Flawed Mayo Clinic Study Promotes Opioid Myths

By Crystal Lindell

A new study has been released analyzing why patients start taking opioids — but all the research actually does is perpetuate harmful myths about opioids and the patients who use them. 

The study, which was just published in the Journal of Pain, was conducted by researchers from the Mayo Clinic and the National Center for Complementary and Integrative Health. 

The researchers say this is “the first study to present nationally representative rates of incident prescription opioid use.” But it’s the headline from a Mayo Clinic article about the study that clarifies what the authors were actually trying to get at. It reads: “Who is choosing to use prescription opioids?”

“Choosing” – as though patients have any choice about whether or not they use opioids. 

Opioid medications are not sold over the counter, and many doctors today do everything possible to avoid prescribing them. So the idea that any patient can walk into a doctor’s office and “choose” opioids over alternative treatments is wildly naive, at best. 

I’ll go a step further and somewhat defend the doctors here: if a doctor is prescribing opioids in the current opioid-phobia environment, they are not doing it as a first-line treatment. They’ve  already tried non-opioid medications and non-pharmaceutical therapies, which didn’t work.

But let’s take a step back and look at exactly what the authors of the study claim their research found. In a nationwide survey of nearly 10,500 people conducted in 2019 and 2020, about 4% started using prescription opioids.

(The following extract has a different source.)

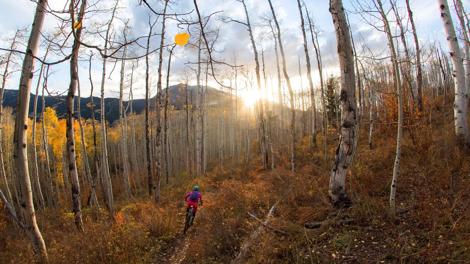 Sunrays in Beautiful Birch Forest and Biker - 1920x1080 (1080p)
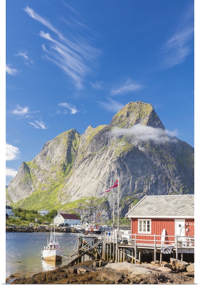 <p>Typical house of fishermen called Rorbu framed by rocky peaks and blue sea, Reine, Moskenesoya, Lofoten Islands, Norway, Scandinavia, Europe</p>

Four percent isn’t much, but it was enough to surprise the researchers.

"One of the things that we noticed is that people are still utilizing opioids as an early resort or first line treatment, before trying non-opioid treatments first, which goes against best practice guidelines in healthcare," said lead author Ryan D'Souza, MD, a Mayo Clinic anesthesiologist. "This is a wake-up call to how high the incidence rate among new users continues to be."

A bit of a jump in my opinion, but let’s go with that. What are these "early resort or first-line” treatments that D’Souza and his co-author want patients to try before resorting to opioids? As they explain: "Nonpharmacologic modalities, over-the-counter medications, and other nonopioid analgesics as initial treatment for pain."

“Nonpharmacologic modalities” means things like physical therapy and cognitive therapy. “Over-the-counter medications and “nonopioid analgesics” means pain relievers like ibuprofen and acetaminophen (Advil and Tylenol) or prescription medications like gabapentin.

Well, I have some great news for the researchers who did this study: Every single patient asking a doctor for opioid pain medication has already tried Advil. 

It’s also worth noting that some of the data was collected in 2020, which is infamous for being a year that greatly disrupted medical care because of COVID. It was the kind of disruption that literally limited how much access patients had to physical therapy and in-person cognitive therapy. So yes, some patients may have resorted to opioids during that time.

Also, physical and cognitive therapy are both significantly more expensive than hydrocodone, even if you have insurance. Both therapies require multiple sessions — sometimes in the same week — and most insurance companies require a copay for each session. So the difference in price can be dramatic, not to mention the cost of time away from work and family to go to appointments. 

The other major flaw in their list of alternatives is that none of them are great at treating pain quickly. Physical therapy may help over a period of weeks or months, but it’s not going to be much help to an arthritis patient who needs to get work on Monday. And there’s little data showing medications like gabapentin are effective at all when it comes to pain. 

In fact, the researchers found that “ineffective pain treatment” was the primary reason people were given a new prescription for opioids. Other leading factors for opioid use are three or more visits to the ER in one year; having four or more painful conditions; and having two or more disabilities.

Anyone with that many strikes against them probably needs opioids, yet the authors are still troubled that “some participants are using opioids… instead of following various best-practice guidelines.”

As is the case for most medical research, both the data collection and the conclusions drawn by the authors seem to have been done with zero input from any actual patients. That’s the foundational problem for the entire study. None of the conclusions factor in real life situations. 

Studies like this one that demonize every single use of opioids would have a lot more sway if there were actually effective opioid alternatives available. As it stands now, patients do not have an option between “an effective, non-addictive pain medication” and “an effective, always addictive pain medication.” 

In reality, the options are usually between “ineffective, non-addictive medication” and “effective and rarely addictive medication.” 

Anyone who’s actually experienced real pain will tell you that when those are the choices, the “effective” medication wins every time. 

It’s so exhausting that we are still dealing with such flawed thinking from the medical community when it comes to opioids. I understand that opioids make an easy villain in healthcare, but opioids are not a magical, always-addictive medication — no matter how many times the medical community tries to convince us otherwise.

I know this because most patients who undergo general anesthesia are routinely given the opioid medication fentanyl — and none of them wake up post-op suddenly addicted to opioids. In fact, most people who take opioids in any setting never develop problematic use.

So we would be wise to remember that the real villain isn’t opioids. It’s the problem they’re trying to address: pain.